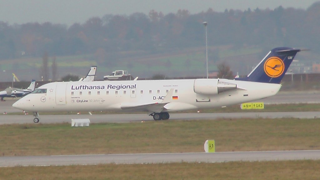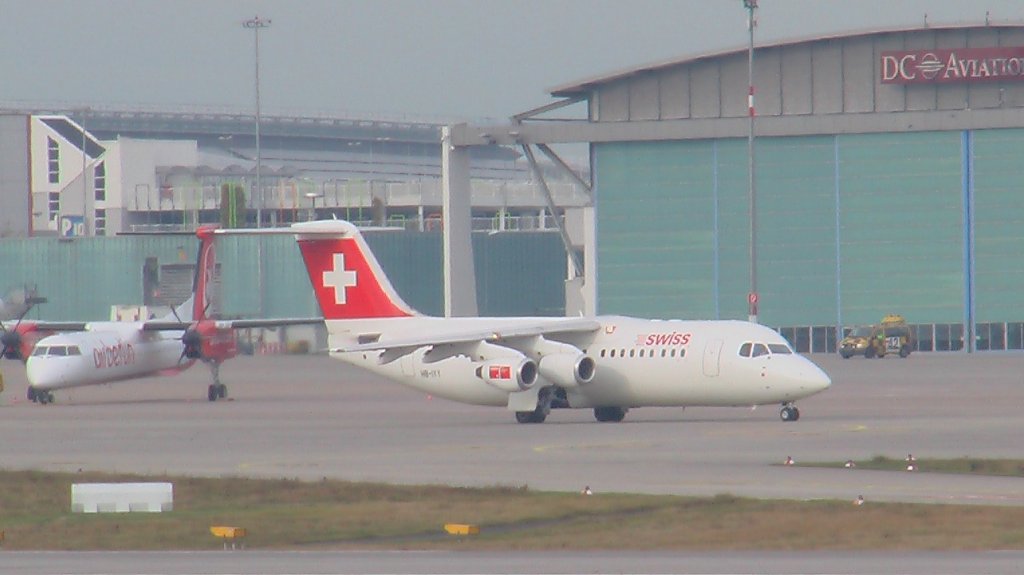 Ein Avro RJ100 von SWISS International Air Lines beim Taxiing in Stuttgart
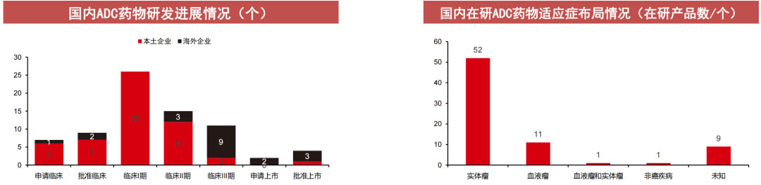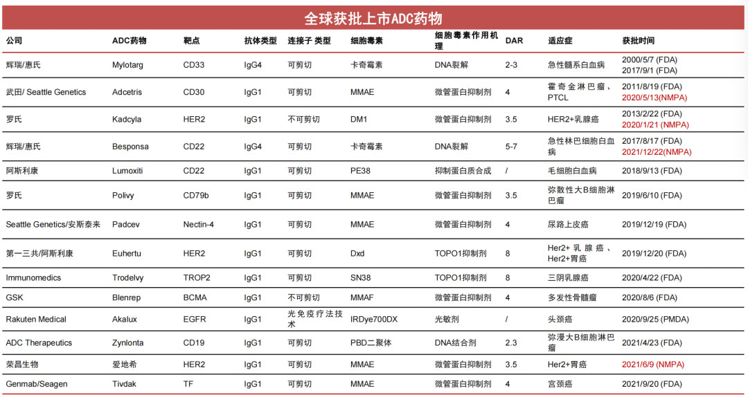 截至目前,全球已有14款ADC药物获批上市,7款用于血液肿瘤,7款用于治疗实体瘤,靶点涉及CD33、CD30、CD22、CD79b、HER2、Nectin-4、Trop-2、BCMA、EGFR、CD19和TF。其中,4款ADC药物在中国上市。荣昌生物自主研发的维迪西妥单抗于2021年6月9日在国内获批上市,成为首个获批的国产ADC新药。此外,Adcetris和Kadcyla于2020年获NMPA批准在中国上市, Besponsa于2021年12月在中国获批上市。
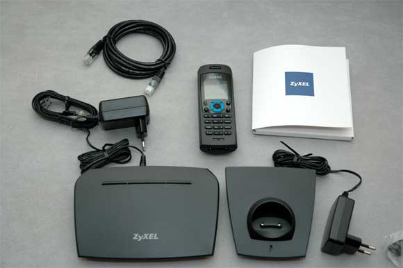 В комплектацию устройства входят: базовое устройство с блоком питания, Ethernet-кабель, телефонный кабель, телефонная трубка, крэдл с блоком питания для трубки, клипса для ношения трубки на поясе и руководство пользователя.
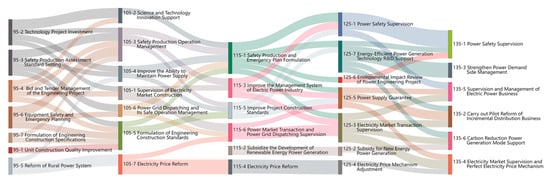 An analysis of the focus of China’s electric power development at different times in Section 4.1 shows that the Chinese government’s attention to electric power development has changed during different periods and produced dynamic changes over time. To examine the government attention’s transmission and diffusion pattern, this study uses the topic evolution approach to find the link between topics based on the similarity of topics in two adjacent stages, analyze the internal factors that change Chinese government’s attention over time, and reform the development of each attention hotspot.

-=-=-=-=-

> [YOUR ASSIGNMENT]: Copy the material exactly as written and leave every picture behind.

> [SOLUTION TO THIS PROBLEM]:
 Ein Avro RJ100 von SWISS International Air Lines beim Taxiing in Stuttgart
 截至目前,全球已有14款ADC药物获批上市,7款用于血液肿瘤,7款用于治疗实体瘤,靶点涉及CD33、CD30、CD22、CD79b、HER2、Nectin-4、Trop-2、BCMA、EGFR、CD19和TF。其中,4款ADC药物在中国上市。荣昌生物自主研发的维迪西妥单抗于2021年6月9日在国内获批上市,成为首个获批的国产ADC新药。此外,Adcetris和Kadcyla于2020年获NMPA批准在中国上市, Besponsa于2021年12月在中国获批上市。
 В комплектацию устройства входят: базовое устройство с блоком питания, Ethernet-кабель, телефонный кабель, телефонная трубка, крэдл с блоком питания для трубки, клипса для ношения трубки на поясе и руководство пользователя.
 An analysis of the focus of China’s electric power development at different times in Section 4.1 shows that the Chinese government’s attention to electric power development has changed during different periods and produced dynamic changes over time. To examine the government attention’s transmission and diffusion pattern, this study uses the topic evolution approach to find the link between topics based on the similarity of topics in two adjacent stages, analyze the internal factors that change Chinese government’s attention over time, and reform the development of each attention hotspot.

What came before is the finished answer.